The charter school plaintiffs requested protection for children’s constitutional rights as it relates to sufficient funding for open-enrollment charter schools and a lifting of the arbitrary cap on charters imposed by the Legislature.

  1. No facilities funding for open-enrollment charter schools results in unconstitutionally inequitable and inadequate levels of funding for students attending charter schools; and
  2. The arbitrary cap of 305 (by 2019) on open-enrollment charter school holders presents an arbitrary obstacle to the State’s ability to achieve constitutional efficiency and stymies the very efficiency charter schools were intended to promote

Nothing is more inequitable than zero.

  • Public charter schools have existed in Texas education since 1995 with no facilities funding from the state.
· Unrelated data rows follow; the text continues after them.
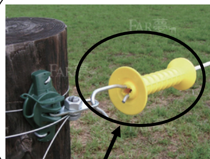
オレンジのハンドルが目印
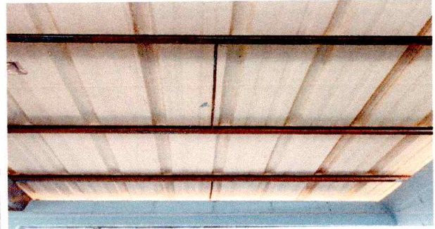
FOTO 2. EL MAL ESTADO DE LA LAMINA HACE CAER EL AGUA DENTRO DEL AULA
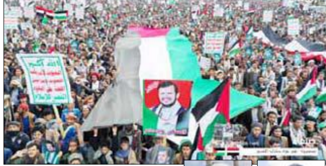
حازب: أقل واجب نقدمه مع أخواننا في غزة هو الوقوف خلف جيشنا وقواتنا المسلحة
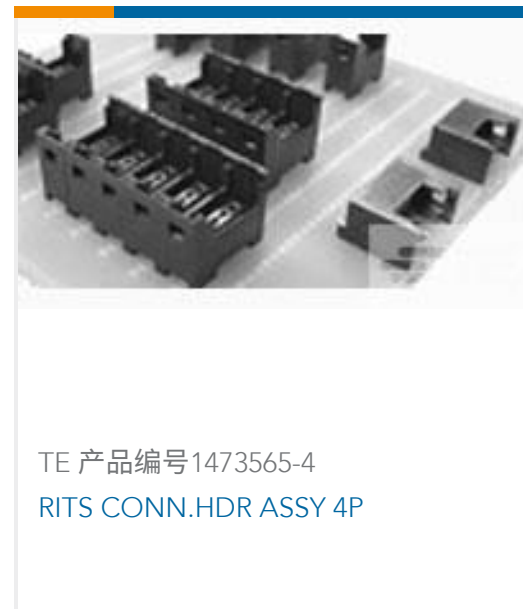
TE 产品编号1473565-4 RITS CONN.HDR ASSY 4P

Further, charter schools do not receive individualized adjustments for school and student characteristics like school districts receive.
  • Parents in charter schools exercised the options given by the state and chose the right school for their children to be successful. They did not choose less funding for their student.

The cap on charter schools is arbitrary especially with a waiting list of students across the state.

  • As tax-payers, Texans object to the arbitrary cap on charter schools. The Texas Constitution expressly requires that the educational system be efficient.
  • There is a waiting list of more than 100,000 students whose parents want to exercise options and cannot.